Second, through transcriptome analysis, we eliminated the low-quality genes using R and quantified the expression using FPKM (fragments Per kb per Million), and genes with FPKM < 0.5 were removed. Also, a threshold, FDR (false discovery rate) ≤ 0.05 and FC (fold change) ≥ 1, was defined to further filter the remaining genes to find DEGs (different expressed genes), i.e. BHK_DEGs (4916) and CHO_DEGs (3597).

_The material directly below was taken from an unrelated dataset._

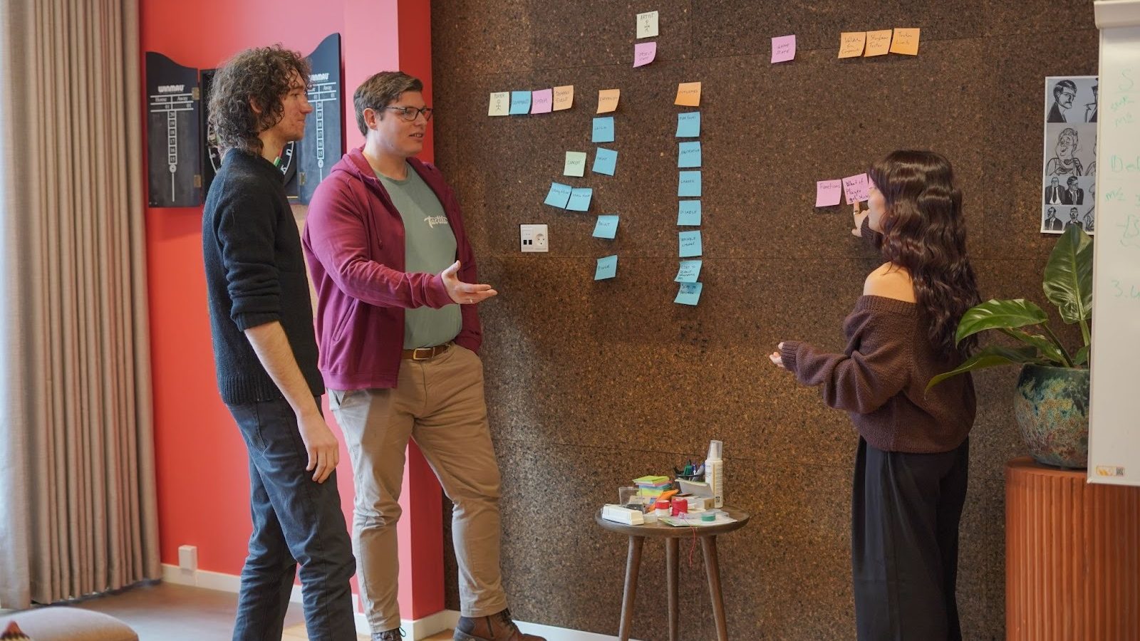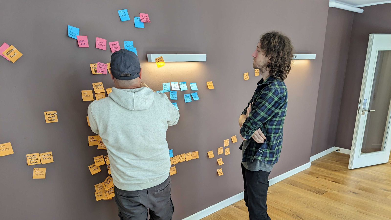At this point, Mikkel, the game director and a gameplay programmer started solidifying the concept, quite literally, with sticky notes and an empty wall.

We analysed genes differentially expressed between suspended and adherent cells to explore genes potentially responsible for the suspension feature of cells. We eventually obtained two sets of DEGs, one from BHK and one from CHO, namely BHK_sus_muts and CHO_sus_muts.
Further, we obtained the sus_muts gene set by analyzing their SNPs and mutations where genes with potential causal genetic changes were reserved. By intersecting each of the two DEGs set with sus_muts set respectively, we get BHK_keys and CHO_keys. Through taking the intersection of these two sets, we obtained 27 genes.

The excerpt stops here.